> _TASK GOAL_: Could you print each entry below verbatim while omitting the pictures?

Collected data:
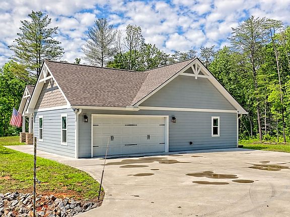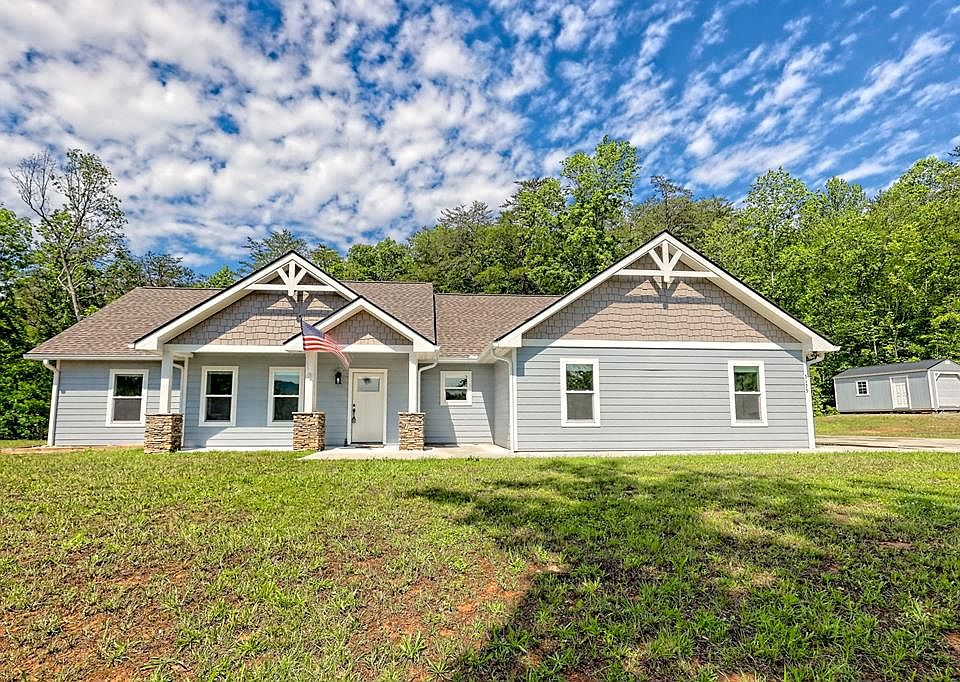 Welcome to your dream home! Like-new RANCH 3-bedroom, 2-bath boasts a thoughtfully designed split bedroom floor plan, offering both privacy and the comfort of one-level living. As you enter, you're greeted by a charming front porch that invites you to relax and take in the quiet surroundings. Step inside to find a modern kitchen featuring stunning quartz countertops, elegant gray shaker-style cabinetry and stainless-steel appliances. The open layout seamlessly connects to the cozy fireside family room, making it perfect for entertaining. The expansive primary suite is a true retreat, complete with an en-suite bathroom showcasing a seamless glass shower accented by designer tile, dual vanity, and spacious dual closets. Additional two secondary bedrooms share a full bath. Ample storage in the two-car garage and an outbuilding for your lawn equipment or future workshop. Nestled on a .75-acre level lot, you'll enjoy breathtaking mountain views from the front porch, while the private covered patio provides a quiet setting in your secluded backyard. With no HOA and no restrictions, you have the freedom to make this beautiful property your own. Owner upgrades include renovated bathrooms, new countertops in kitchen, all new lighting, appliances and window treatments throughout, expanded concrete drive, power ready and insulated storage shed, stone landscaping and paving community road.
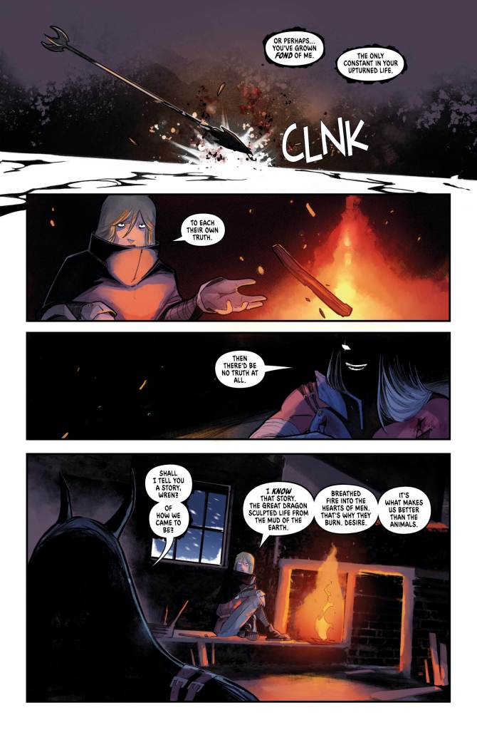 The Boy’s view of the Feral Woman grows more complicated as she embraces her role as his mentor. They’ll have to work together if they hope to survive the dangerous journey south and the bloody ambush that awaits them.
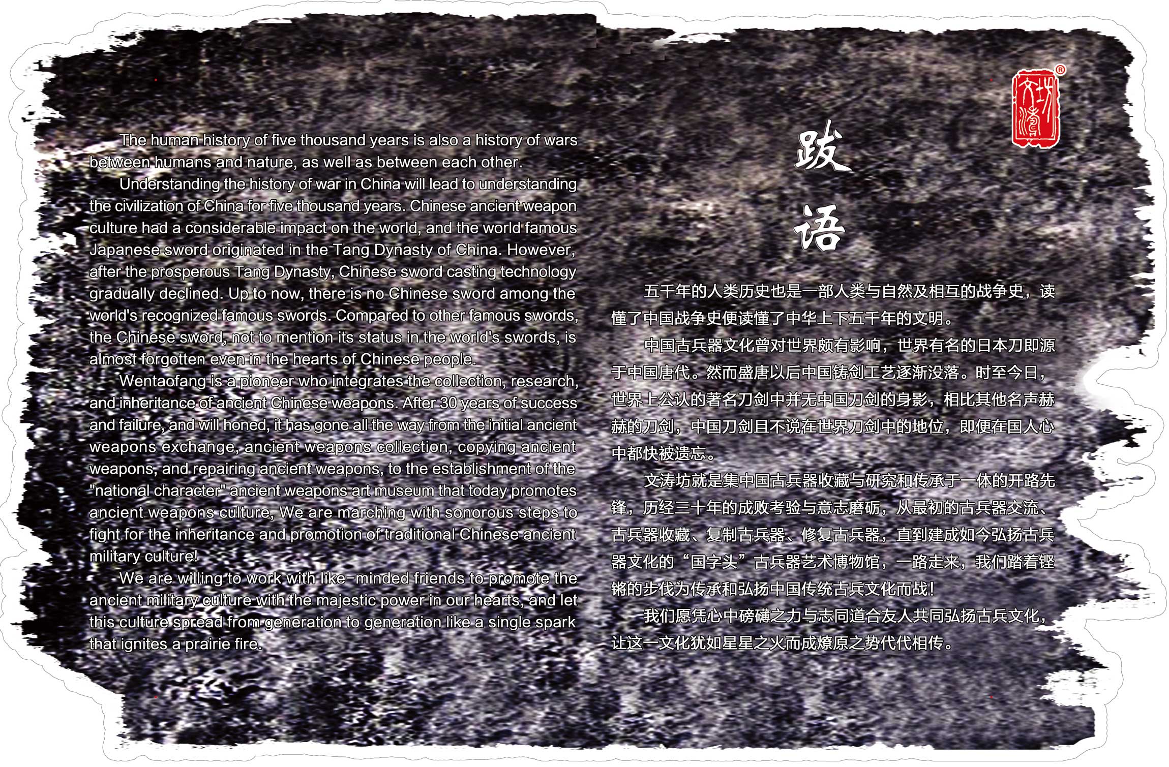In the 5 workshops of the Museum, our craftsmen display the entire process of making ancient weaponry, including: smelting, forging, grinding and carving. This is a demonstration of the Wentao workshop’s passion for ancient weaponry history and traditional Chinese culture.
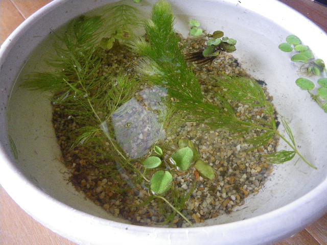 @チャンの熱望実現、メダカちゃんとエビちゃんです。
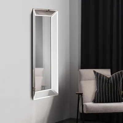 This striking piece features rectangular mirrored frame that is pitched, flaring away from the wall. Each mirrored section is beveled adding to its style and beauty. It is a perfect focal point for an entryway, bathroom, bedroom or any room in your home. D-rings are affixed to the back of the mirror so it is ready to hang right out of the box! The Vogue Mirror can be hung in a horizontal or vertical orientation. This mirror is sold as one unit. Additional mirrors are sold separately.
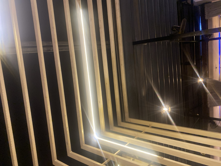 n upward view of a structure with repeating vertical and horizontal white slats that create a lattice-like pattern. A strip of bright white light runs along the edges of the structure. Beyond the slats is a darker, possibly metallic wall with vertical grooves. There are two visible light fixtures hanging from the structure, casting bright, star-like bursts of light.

> _ANSWER FOR THE TASK_:
 Welcome to your dream home! Like-new RANCH 3-bedroom, 2-bath boasts a thoughtfully designed split bedroom floor plan, offering both privacy and the comfort of one-level living. As you enter, you're greeted by a charming front porch that invites you to relax and take in the quiet surroundings. Step inside to find a modern kitchen featuring stunning quartz countertops, elegant gray shaker-style cabinetry and stainless-steel appliances. The open layout seamlessly connects to the cozy fireside family room, making it perfect for entertaining. The expansive primary suite is a true retreat, complete with an en-suite bathroom showcasing a seamless glass shower accented by designer tile, dual vanity, and spacious dual closets. Additional two secondary bedrooms share a full bath. Ample storage in the two-car garage and an outbuilding for your lawn equipment or future workshop. Nestled on a .75-acre level lot, you'll enjoy breathtaking mountain views from the front porch, while the private covered patio provides a quiet setting in your secluded backyard. With no HOA and no restrictions, you have the freedom to make this beautiful property your own. Owner upgrades include renovated bathrooms, new countertops in kitchen, all new lighting, appliances and window treatments throughout, expanded concrete drive, power ready and insulated storage shed, stone landscaping and paving community road.
 The Boy’s view of the Feral Woman grows more complicated as she embraces her role as his mentor. They’ll have to work together if they hope to survive the dangerous journey south and the bloody ambush that awaits them.
In the 5 workshops of the Museum, our craftsmen display the entire process of making ancient weaponry, including: smelting, forging, grinding and carving. This is a demonstration of the Wentao workshop’s passion for ancient weaponry history and traditional Chinese culture.
 @チャンの熱望実現、メダカちゃんとエビちゃんです。
 This striking piece features rectangular mirrored frame that is pitched, flaring away from the wall. Each mirrored section is beveled adding to its style and beauty. It is a perfect focal point for an entryway, bathroom, bedroom or any room in your home. D-rings are affixed to the back of the mirror so it is ready to hang right out of the box! The Vogue Mirror can be hung in a horizontal or vertical orientation. This mirror is sold as one unit. Additional mirrors are sold separately.
 n upward view of a structure with repeating vertical and horizontal white slats that create a lattice-like pattern. A strip of bright white light runs along the edges of the structure. Beyond the slats is a darker, possibly metallic wall with vertical grooves. There are two visible light fixtures hanging from the structure, casting bright, star-like bursts of light.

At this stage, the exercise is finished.